Calculus - Integral cosx e^ sinx and Integral sinx e^ cosx

The integrals of functions involving trigonometric and exponential expressions can be quite intricate and fascinating. Let's delve into the integrals of \( \cos(x) e^{\sin(x)} \) and \( \sin(x) e^{\cos(x)} \).

1. **Integral of \( \cos(x) e^{\sin(x)} \)**:
The integral of \( \cos(x) e^{\sin(x)} \) can be approached using a substitution method. Let \( u = \sin(x) \). Then, \( du = \cos(x) dx \). This transforms the integral into a more straightforward form:
\[ \int \cos(x) e^{\sin(x)} dx = \int e^u du. \]
The integral of \( e^u \) is simply \( e^u \). Therefore, substituting back \( u = \sin(x) \), we get:
\[ \int \cos(x) e^{\sin(x)} dx = e^{\sin(x)} + C, \]
where \( C \) is the constant of integration.

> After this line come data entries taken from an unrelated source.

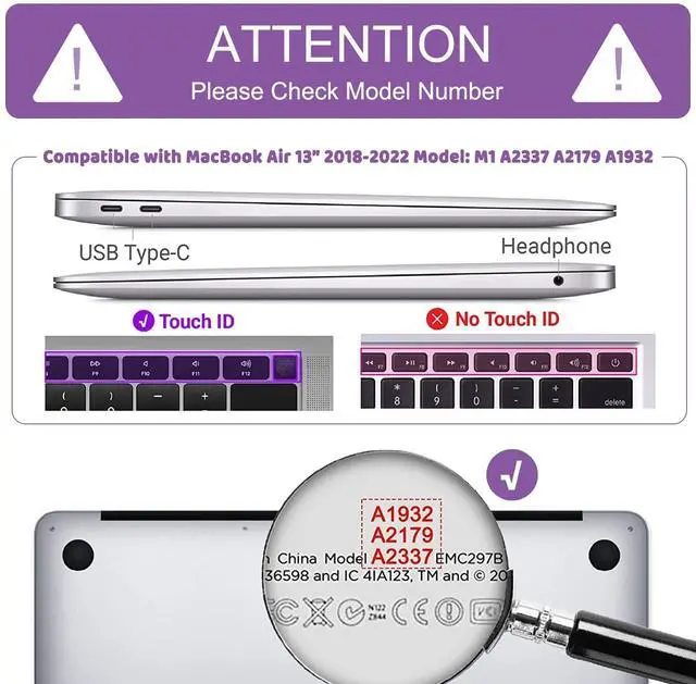 Compatibility: Only compatible with New MacBook Air 13 inch 2022 2021 2020 2019 2018 Release with Retina Display and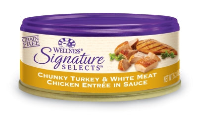 Wellness Signature Selects gourmet cat food naturally delivers the variety your cat craves. Each signature recipe features delicate cuts of real meat and seafood in delicious sauces. Each simple recipe is prepared by hand and packed with taste.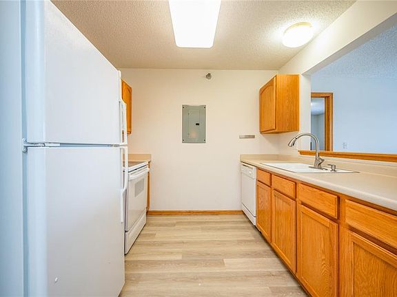 Clive Condo in excellent 'just like new shape' includes all appliances, washer/dryer and comes with an extra large 9 x 11 storage room and 1 car detached garage. Upstairs unit has the best of both worlds with the views, no one above you and best privacy. Catch the great outdoors with a slider leading to a great balcony for sunrises over the green space and large open floor plan with 2 bedrooms and 2 baths. New flooring and paint throughout. Center gas fireplace with transom windows. HOA is well managed and allows for 1 pet <20 lbs.

2. **Integral of \( \sin(x) e^{\cos(x)} \)**:
Similarly, for the integral of \( \sin(x) e^{\cos(x)} \), we also use a substitution approach. Let \( u = \cos(x) \). Then, \( du = -\sin(x) dx \), which means \( -du = \sin(x) dx \). Substitute these into the integral:
\[ \int \sin(x) e^{\cos(x)} dx = \int -e^u du. \]
The integral of \( -e^u \) is \( -e^u \). Substituting back \( u = \cos(x) \), we obtain:
\[ \int \sin(x) e^{\cos(x)} dx = -e^{\cos(x)} + C, \]
where \( C \) is the constant of integration.

In summary, the integrals of these functions leverage the power of substitution to simplify the integration process, yielding elegant results that combine trigonometric and exponential functions.